For people who didn't want to enable ads, woman has sex in the back of a car with some dude, catches an STD, files a claim with the company that insured the car, they refused the claim, and it went to an arbitration, where the woman was awarded 5.2 million dollars.

America is weird.
RoGeorge:

--- Quote from: Bassman59 on June 10, 2022, 08:10:19 pm ---
--- Quote from: jonpaul on June 09, 2022, 01:50:56 pm ---"No 9000 computer has ever made a mistake or distorted information....."

HAL9000 in Stanley Kubrick's classic 1968 film, "2001, A Space Odyssey"

--- End quote ---

That statement is correct in the universe of the film.

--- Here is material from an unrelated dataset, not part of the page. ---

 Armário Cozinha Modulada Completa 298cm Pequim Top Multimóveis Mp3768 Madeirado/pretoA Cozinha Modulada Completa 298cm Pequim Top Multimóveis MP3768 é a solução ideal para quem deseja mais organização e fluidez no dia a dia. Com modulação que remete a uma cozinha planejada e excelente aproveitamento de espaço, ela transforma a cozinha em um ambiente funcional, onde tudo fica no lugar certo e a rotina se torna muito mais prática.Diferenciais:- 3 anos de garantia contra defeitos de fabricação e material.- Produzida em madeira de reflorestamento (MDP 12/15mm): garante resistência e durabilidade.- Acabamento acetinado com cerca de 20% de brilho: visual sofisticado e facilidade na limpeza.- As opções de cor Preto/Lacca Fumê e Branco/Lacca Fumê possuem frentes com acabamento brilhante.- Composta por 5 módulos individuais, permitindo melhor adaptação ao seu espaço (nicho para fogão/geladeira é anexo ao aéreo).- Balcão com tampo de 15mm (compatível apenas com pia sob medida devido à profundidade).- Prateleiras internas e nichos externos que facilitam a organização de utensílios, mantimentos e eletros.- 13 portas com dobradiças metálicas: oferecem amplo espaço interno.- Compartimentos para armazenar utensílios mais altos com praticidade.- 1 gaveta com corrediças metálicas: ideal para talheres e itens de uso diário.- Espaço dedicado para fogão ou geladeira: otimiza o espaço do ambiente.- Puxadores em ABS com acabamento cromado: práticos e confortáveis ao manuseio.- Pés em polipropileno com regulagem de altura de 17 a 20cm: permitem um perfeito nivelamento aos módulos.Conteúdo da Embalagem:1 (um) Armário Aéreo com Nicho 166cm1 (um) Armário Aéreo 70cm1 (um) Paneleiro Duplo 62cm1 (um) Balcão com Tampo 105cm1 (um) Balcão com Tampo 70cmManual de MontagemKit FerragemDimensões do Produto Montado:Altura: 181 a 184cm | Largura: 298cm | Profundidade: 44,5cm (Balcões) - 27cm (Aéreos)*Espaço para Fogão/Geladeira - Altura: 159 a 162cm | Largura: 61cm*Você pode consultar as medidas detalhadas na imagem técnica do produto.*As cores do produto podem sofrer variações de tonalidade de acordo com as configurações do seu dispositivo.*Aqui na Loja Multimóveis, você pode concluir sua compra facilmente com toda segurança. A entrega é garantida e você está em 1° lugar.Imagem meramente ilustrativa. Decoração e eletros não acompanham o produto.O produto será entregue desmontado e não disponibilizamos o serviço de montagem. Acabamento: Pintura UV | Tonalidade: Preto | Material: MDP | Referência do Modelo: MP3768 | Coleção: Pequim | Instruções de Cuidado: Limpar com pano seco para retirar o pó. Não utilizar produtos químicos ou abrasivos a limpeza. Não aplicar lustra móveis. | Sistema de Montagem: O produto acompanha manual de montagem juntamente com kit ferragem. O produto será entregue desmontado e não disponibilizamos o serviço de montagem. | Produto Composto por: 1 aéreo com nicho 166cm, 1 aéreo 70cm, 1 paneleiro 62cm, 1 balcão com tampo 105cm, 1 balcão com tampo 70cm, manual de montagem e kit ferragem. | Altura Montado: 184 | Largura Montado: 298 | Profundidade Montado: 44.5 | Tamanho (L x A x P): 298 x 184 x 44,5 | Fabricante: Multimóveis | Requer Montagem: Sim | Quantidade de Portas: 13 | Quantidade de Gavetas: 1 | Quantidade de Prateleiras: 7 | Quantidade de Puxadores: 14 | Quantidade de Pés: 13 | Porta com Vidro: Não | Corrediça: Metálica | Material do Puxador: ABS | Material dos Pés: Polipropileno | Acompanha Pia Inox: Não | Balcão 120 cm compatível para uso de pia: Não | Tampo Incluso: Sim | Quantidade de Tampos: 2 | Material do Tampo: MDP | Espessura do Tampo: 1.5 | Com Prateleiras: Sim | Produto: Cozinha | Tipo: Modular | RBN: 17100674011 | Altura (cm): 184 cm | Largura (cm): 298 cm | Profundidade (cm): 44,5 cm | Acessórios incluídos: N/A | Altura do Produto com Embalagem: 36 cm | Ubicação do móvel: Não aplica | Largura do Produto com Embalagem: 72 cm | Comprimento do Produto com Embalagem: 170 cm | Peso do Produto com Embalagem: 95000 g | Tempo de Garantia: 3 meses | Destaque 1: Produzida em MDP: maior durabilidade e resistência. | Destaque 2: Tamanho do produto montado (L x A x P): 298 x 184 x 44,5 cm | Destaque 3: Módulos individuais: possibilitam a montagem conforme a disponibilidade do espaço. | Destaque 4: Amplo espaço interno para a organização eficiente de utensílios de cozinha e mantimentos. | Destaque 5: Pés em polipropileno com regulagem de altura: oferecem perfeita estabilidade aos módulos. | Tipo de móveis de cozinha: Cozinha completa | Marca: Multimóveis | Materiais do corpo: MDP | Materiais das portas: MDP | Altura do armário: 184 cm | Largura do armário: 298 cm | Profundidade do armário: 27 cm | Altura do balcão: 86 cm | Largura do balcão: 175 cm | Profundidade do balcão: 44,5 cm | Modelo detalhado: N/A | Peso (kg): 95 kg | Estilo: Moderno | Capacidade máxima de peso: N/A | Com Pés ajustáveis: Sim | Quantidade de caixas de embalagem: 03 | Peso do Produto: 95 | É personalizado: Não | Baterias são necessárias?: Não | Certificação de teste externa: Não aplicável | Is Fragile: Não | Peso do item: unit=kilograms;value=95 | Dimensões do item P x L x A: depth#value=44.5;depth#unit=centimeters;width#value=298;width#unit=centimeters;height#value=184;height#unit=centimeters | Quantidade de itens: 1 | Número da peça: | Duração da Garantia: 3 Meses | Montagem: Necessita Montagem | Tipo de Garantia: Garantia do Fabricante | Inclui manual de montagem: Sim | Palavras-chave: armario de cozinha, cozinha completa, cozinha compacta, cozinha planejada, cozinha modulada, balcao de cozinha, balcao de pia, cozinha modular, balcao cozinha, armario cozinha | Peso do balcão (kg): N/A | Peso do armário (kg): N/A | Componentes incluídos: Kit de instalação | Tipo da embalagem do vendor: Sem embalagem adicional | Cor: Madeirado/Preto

HAL did not make a mistake when it removed the life support from the sleeping astronauts. HAL did not make a mistake when it killed Frank and when it tried to kill David.

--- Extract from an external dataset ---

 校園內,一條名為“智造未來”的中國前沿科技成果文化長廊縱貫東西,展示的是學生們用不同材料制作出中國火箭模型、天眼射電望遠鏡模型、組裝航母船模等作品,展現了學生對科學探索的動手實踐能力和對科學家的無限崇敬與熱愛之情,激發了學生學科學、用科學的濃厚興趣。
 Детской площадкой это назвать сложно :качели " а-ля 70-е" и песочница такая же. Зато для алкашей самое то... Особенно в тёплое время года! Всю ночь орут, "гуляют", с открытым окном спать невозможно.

HAL's primary goal was to ensure the success of the mission to Jupiter. As part of its continuing operation and calculation, it made a determination that the fallibility of the humans put that mission in jeopardy. Thus the only logic action was to eliminate the human element.

--- End quote ---

That's yet another illustration over a much deeper fact, that there is no such thing as a standalone good/evil, or write/wrong.  These notions only makes sense in relation to a given goal.  If something suits the given goal, then it's good/write otherwise is evil/wrong.

Same with the HAL computer.  For the stated goal's perspective (of completing the mission) it was good to kill the crew, for the human goal's perspective (of staying alive) it was wrong.

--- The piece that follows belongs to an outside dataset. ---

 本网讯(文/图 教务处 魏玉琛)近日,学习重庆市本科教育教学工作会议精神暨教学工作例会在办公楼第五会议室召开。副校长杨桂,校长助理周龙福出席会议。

Once we realize nothing can be classified as good or evil without firstly stating the goals' context in which we want to judge that, all the ethics debates became meaningless.  Ethics seems complicated only because we do not state clear enough what is the goal in the first place.

We each drag with us a big bag of goals and tacit assumptions, and we would expect/want everybody else to carry the same set of goals and principles as ours.  The set of goals from any two such bags is never the same.  They never perfectly overlap.  So we point fingers and say that's wrong, or evil, and get upset or angry about that, instead of thinking that's a different bag of goals.
pcprogrammer:
Found this older video that near the end made me laugh :-DD



It is about AI taking over and we all need to behave because otherwise it will kill us all. The planet and nature would benefit from it greatly.